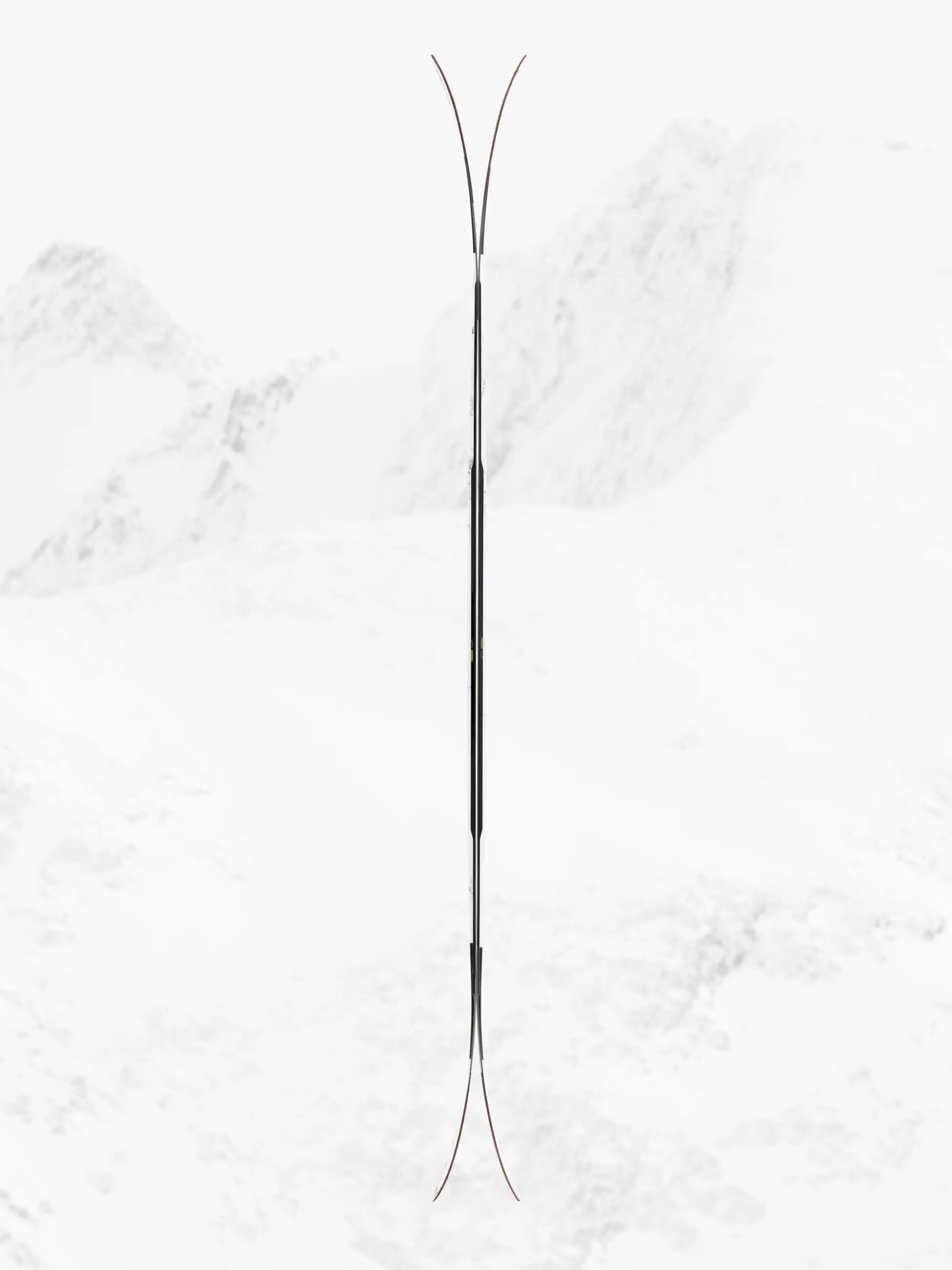 ■ 特徴:ロッカー形状の先端と尾部、そして足元でのポジティブキャンバーが組み合わさり、深い雪や変化に富んだ雪質でも浮力を保ちながら直進性を発揮。同時に硬い雪質では確かなエッジグリップを維持します。
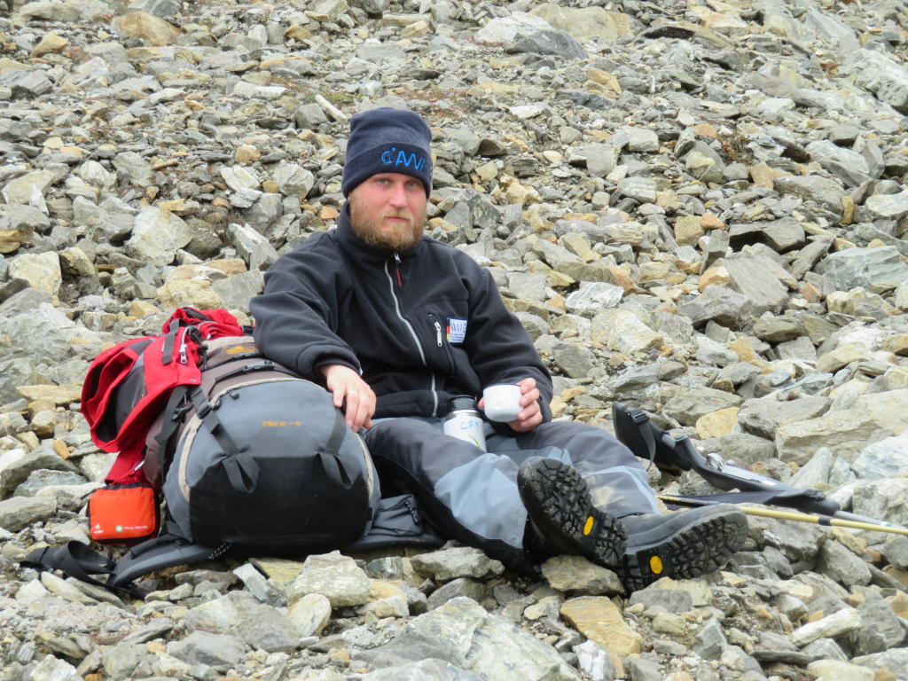 Ernst, Matteo und ich gehen im Regen zur Geopol-Hütte zurück, wo wir noch Tee kochen, die Bayernfahne feierlich einholen und die Hütte sauber Machen, bevor es auf unsere Wanderung zur Daerten-Hütte geht. Wir planen so um die 5 Stunden Fußweg ein. Mittlerweile ist das Wetter wieder besser, aber es weht uns ein starker und kalter Wind entgegen. Der Marsch wird also kein Vergnügen. Und so ist es dann auch. Durch das Laufen kommen wir gut ins Schwitzen aber wir können unsere roten Jacken nicht aufmachen, weil es einfach viel zu kalt ist und man dann nur krank werden würde.
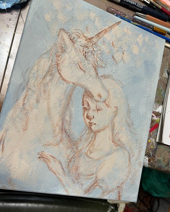新たな絵を描き始めました。 さてどうなるやら、、、 #アクリル画 #ユニコーン
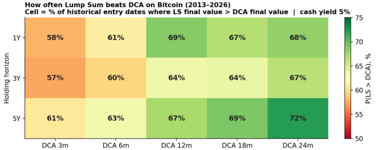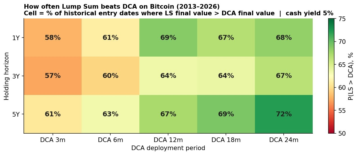 LS pokonuje DCA w 58-72% wszystkich historycznych dat wejścia, w każdym horyzoncie czasowym i przy każdej długości DCA. Dłuższe okresy DCA częściej przynoszą straty — ponieważ dłuższy czas w gotówce oznacza większą utratę oczekiwanego zwrotu.
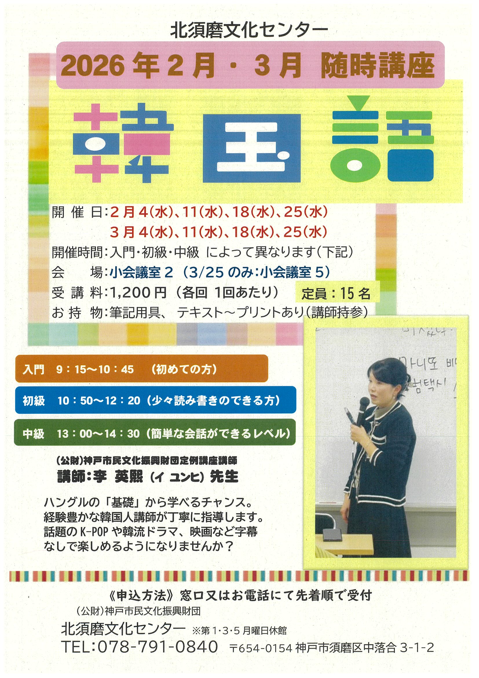 【北須磨文化センター】「韓国語」随時講座(2026年2-3月)
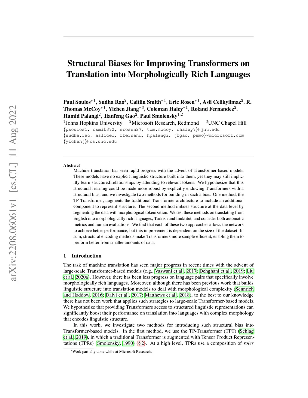 Machine translation has seen rapid progress with the advent of Transformer-based models. These models have no explicit linguistic structure built into them, yet they may still implicitly learn structured relationships by attending to relevant tokens. We hypothesize that this structural learning could be made more robust by explicitly endowing Transformers with a structural bias, and we investigate two methods for building in such a bias. One method, the TP-Transformer, augments the traditional Transformer architecture to include an additional component to represent structure. The second method imbues structure at the data level by segmenting the data with morphological tokenization. We test these methods on translating from English into morphologically rich languages, Turkish and Inuktitut, and consider both automatic metrics and human evaluations. We find that each of these two approaches allows the network to achieve better performance, but this improvement is dependent on the size of the dataset. In sum, structural encoding methods make Transformers more sample-efficient, enabling them to perform better from smaller amounts of data.
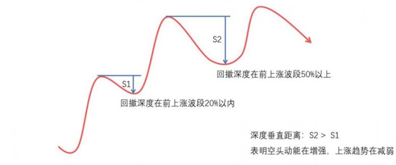 深度是指价格回撤的垂直距离。上涨结构趋势中,价格回调越深,表明多头趋势在减弱,空头动能在增强;下跌结构趋势中,价格反弹越高,表明空头趋势在减弱,多头动能在增强。
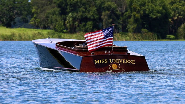 The musical notes in question came from the V12 of arguably Floridaโs most beautiful boat: A mahogany timber hot rod named โMiss Universeโ. She is the 33-foot timber baby of Warren Greatbatch, the son of Wilson Greatbatch who invented the pacemaker.
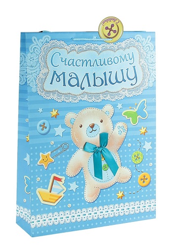 Пакет подарочный с 3D аппликацией Happy Birthday 26*32*10см
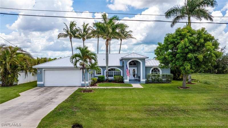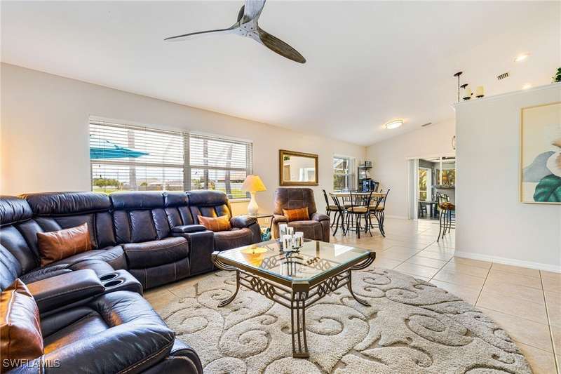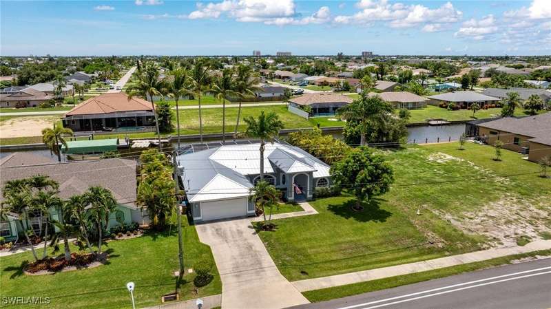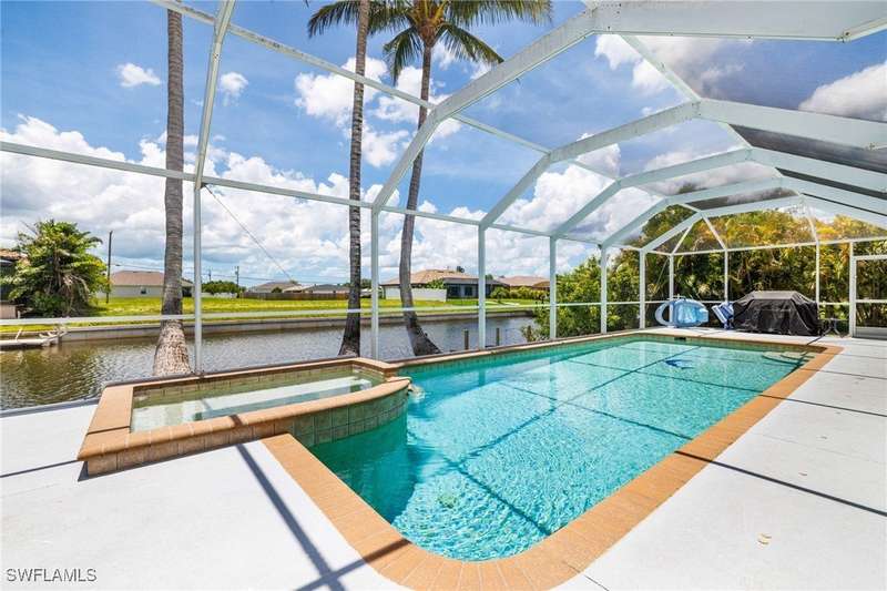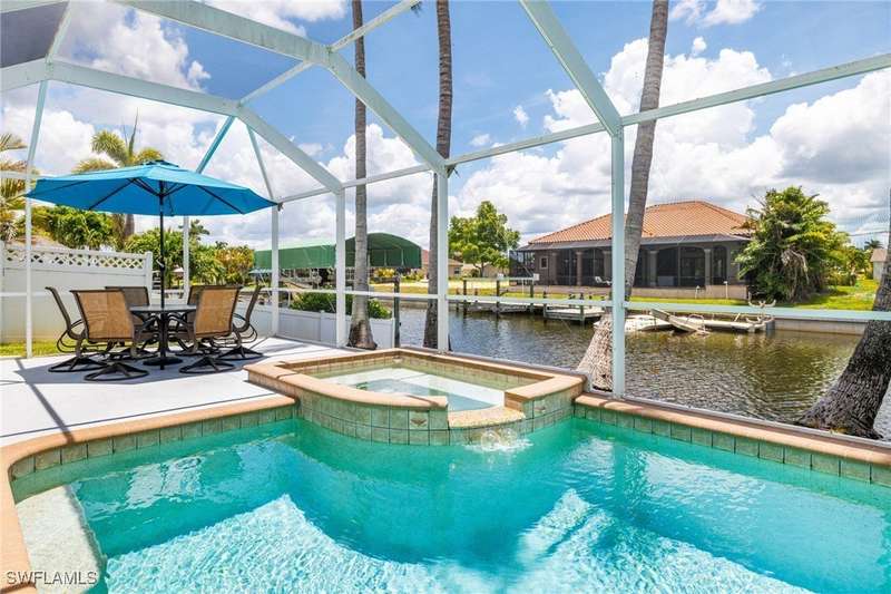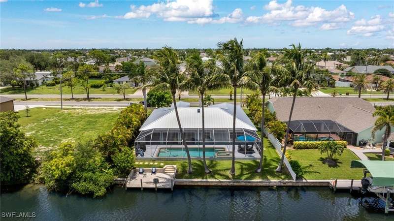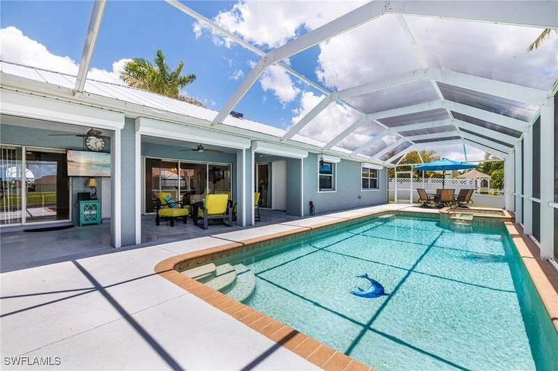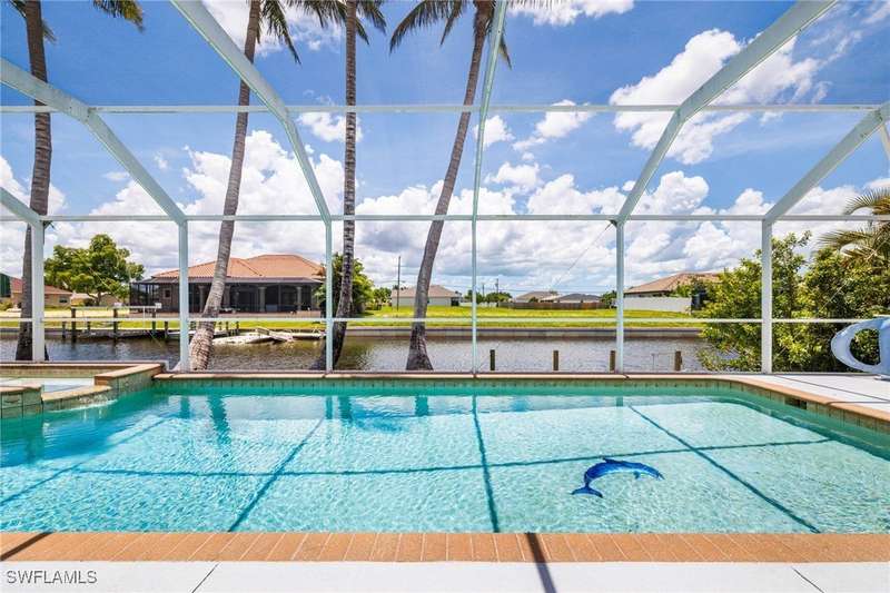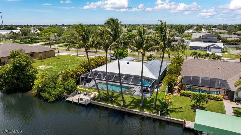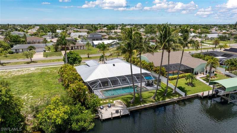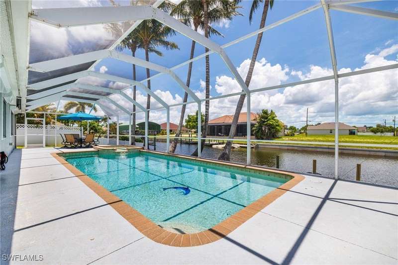 Beautifully Updated SW Gulf Access Pool Home with Southern Exposure! Welcome to your dream home in sunny Southwest Florida! This lovingly maintained and thoughtfully updated waterfront pool home offers the perfect blend of style, comfort, and convenience - all set on a Gulf-access canal with highly desirable Southern exposure on the pool for sun-filled days year-round. Step inside to over 2,000 square feet of living space under air, featuring tile flooring throughout, cathedral ceilings, and an open, airy layout. The spacious entry leads into a welcoming living and dining area, where large sliders open to a generously covered lanai, ideal for seamless indoor-outdoor living. The heart of the home is the open-concept kitchen and cozy breakfast nook, also featuring direct access to the pool and lanai - perfect for entertaining or enjoying quiet waterfront views. The owner's suite is privately tucked away, offering a serene retreat with dual closets, dual vanities, a walk-in shower, a soaking tub, and its own sliders to the pool area. Two guest bedrooms are located on the opposite side of the home for added privacy and flexibility. Outside, the lush landscaped yard feels like a private Florida oasis - complete with a fruit-bearing mango tree and space to relax or entertain. For peace of mind, the home includes electronic storm shutters across the back and a removable pool fence for family safety. Recent Improvements and Upgrades Include but not limited to: New Pool Heater (2025), New Pool Pump (2021), New AC Condenser (2024), New Metal Roof (Post-Hurricane Ian, 2023), New Dishwasher (2023), Refrigerator (2022), Induction Stove (2020), Sliders Serviced & Adjusted (2024), New Garage Door Springs (2024), Exterior Painted (2018), Updated Lighting & Ceiling Fans...and more! This home is move-in ready, meticulously cared for, and truly a must-see. Schedule your private showing today and start living the Florida lifestyle you've been dreaming of!
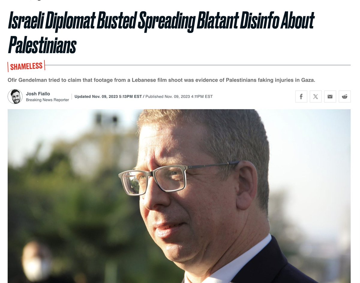 20\ In Nov, the Israeli Prime Minister's Spokesperson uploads the bloopers of a video clip from Lebanon & claims it shows Palestinians "staging" their death & suffering. He quietly deleted it after getting busted. https://t.co/sPdVXxkmTl
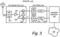 FIG. 3 is a block diagram depicting asensor110 incorporating a software-defined radio receiver in accordance with one or more embodiments presented herein. Anantenna210 may receive aradio frequency signal215. Theradio frequency signal215 may be coupled into a radio frequencyfront end220. The radio frequencyfront end220 may condition theradio frequency signal215 to generate an analog output signal. The analog output signal may comprise in-phase and quadrature components referred to as I and Q signals. The analog output from the radio frequencyfront end220 may be coupled to adigitizer230. The digitizer can output data that is a digital representation of the analog output generated by the radio frequencyfront end220. The digital representation may be sampled in time and quantized in amplitude. The digital representation may also comprise separate I data and Q data. Asensor module310 may receive and process the raw digital representation generated by thedigitizer230. Results of processing associated with thesensor module310 may be communicated onto thenetwork160 for further processing.
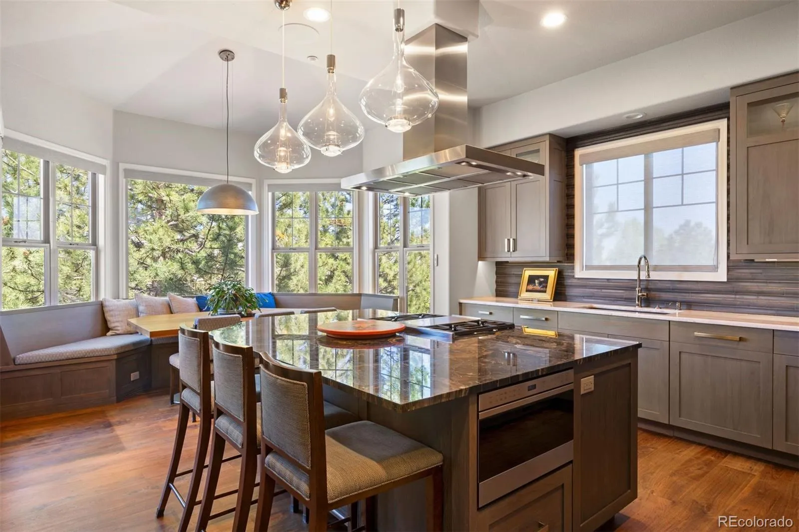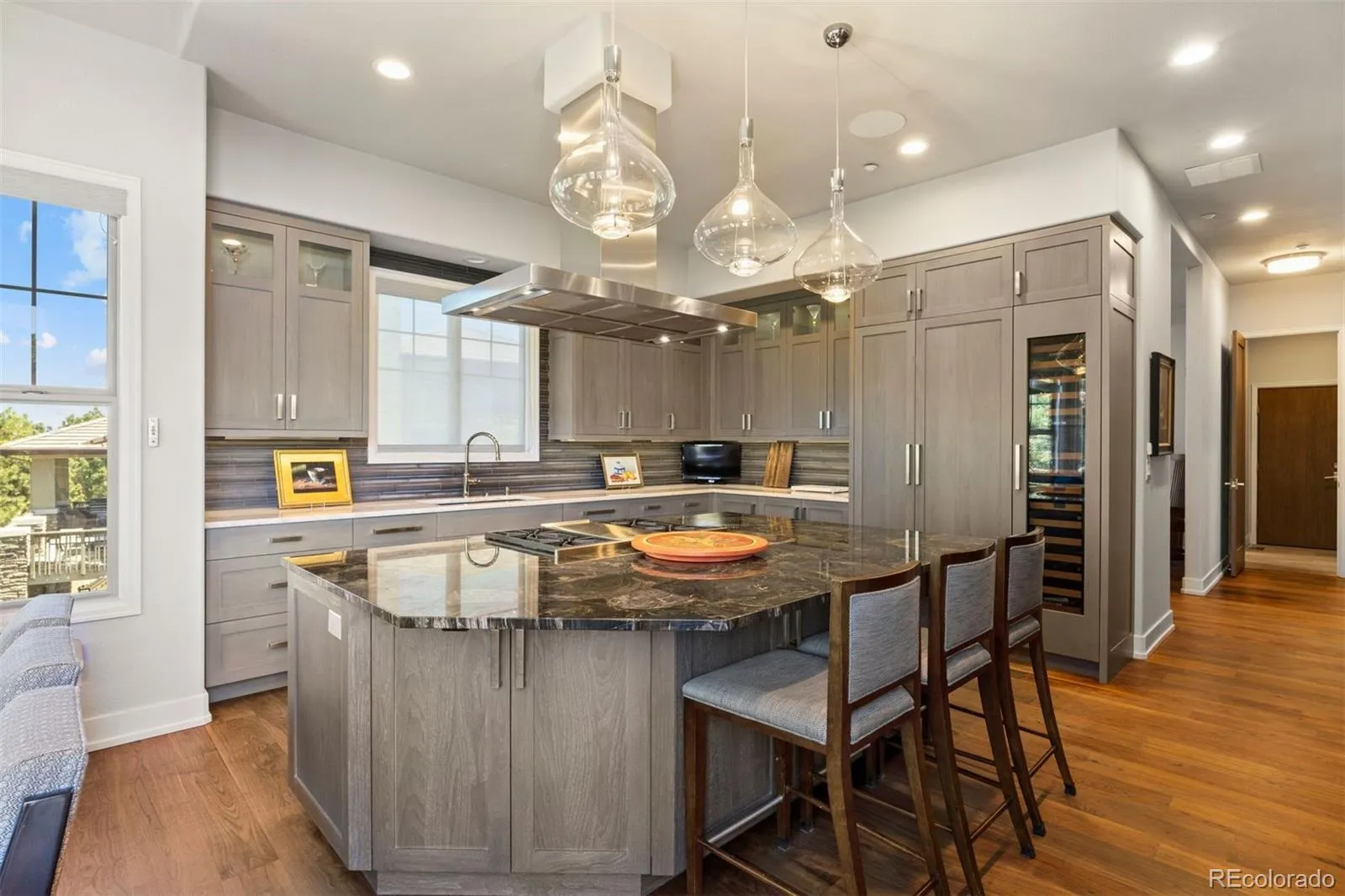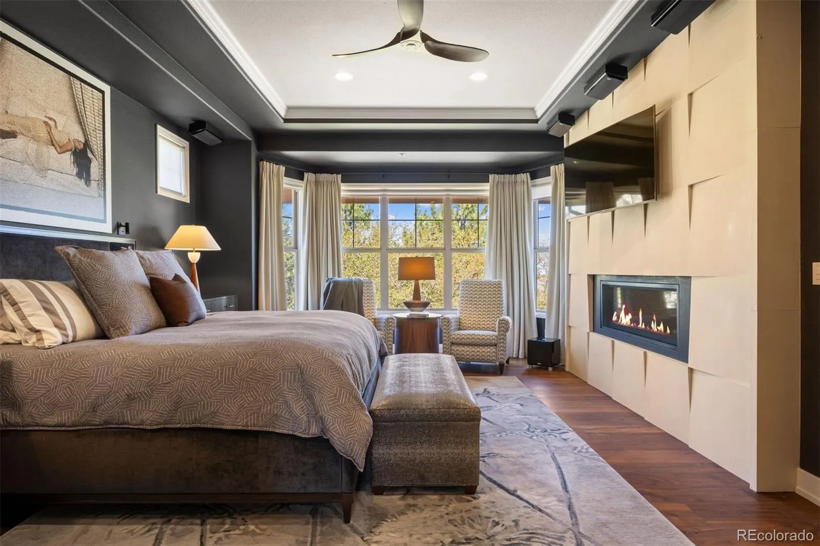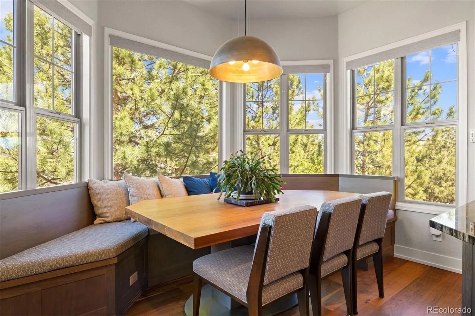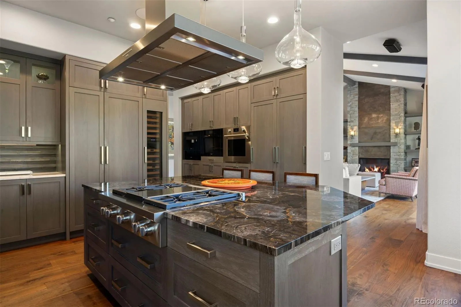 Completely reimagined and meticulously updated, this exceptional residence in The Village at Castle Pines showcases remarkable quality, craftsmanship, and sophisticated design at every turn. Every surface has been thoughtfully transformed with top-of-the-line finishes, creating a home that feels both luxurious and inviting, with light-filled spaces and timeless style throughout. The main level is designed for effortless living and entertaining, featuring stunning walnut floors, soaring cathedral ceilings with architectural beams, and expansive windows and sliding glass doors that open to a private deck with glimpses of mountain views and serene pine tree surroundings. The beautifully appointed kitchen is truly the heart of the home, offering premium appliances, custom cabinetry, and an inviting dining area perfectly suited for both everyday living and memorable gatherings. A richly appointed executive-style office, elegant dining room, and well-designed mudroom and laundry area add both comfort and functionality. The main-floor primary suite is a luxurious retreat, complete with a cozy fireplace, bay window, spa-inspired bath, and generous walk-in closets with custom built-ins. The fully finished lower level continues the home’s exceptional design, featuring high ceilings, a spacious family room with fireplace, and seamless indoor-outdoor living with direct access to a patio with dry below covering and beautifully private yard. A well-equipped entertaining bar, multiple guest bedrooms, and abundant storage provide flexibility for hosting family and friends. Situated on a quiet cul-de-sac with a three-car garage, this home offers a rare combination of refined elegance and everyday livability—all within the gated community of The Village at Castle Pines, known for its natural beauty, privacy, and premier amenities.

··········

▸ WORK ITEM:
Repeat each line of the listing word for word, from the first through the line that contains "新たな絵を描き始めました。 さてどうなるやら、、、 #アクリル画 #ユニコーン". Any picture stays out.

▸ RESULT:
 ■ 特徴:ロッカー形状の先端と尾部、そして足元でのポジティブキャンバーが組み合わさり、深い雪や変化に富んだ雪質でも浮力を保ちながら直進性を発揮。同時に硬い雪質では確かなエッジグリップを維持します。
 Ernst, Matteo und ich gehen im Regen zur Geopol-Hütte zurück, wo wir noch Tee kochen, die Bayernfahne feierlich einholen und die Hütte sauber Machen, bevor es auf unsere Wanderung zur Daerten-Hütte geht. Wir planen so um die 5 Stunden Fußweg ein. Mittlerweile ist das Wetter wieder besser, aber es weht uns ein starker und kalter Wind entgegen. Der Marsch wird also kein Vergnügen. Und so ist es dann auch. Durch das Laufen kommen wir gut ins Schwitzen aber wir können unsere roten Jacken nicht aufmachen, weil es einfach viel zu kalt ist und man dann nur krank werden würde.
新たな絵を描き始めました。 さてどうなるやら、、、 #アクリル画 #ユニコーン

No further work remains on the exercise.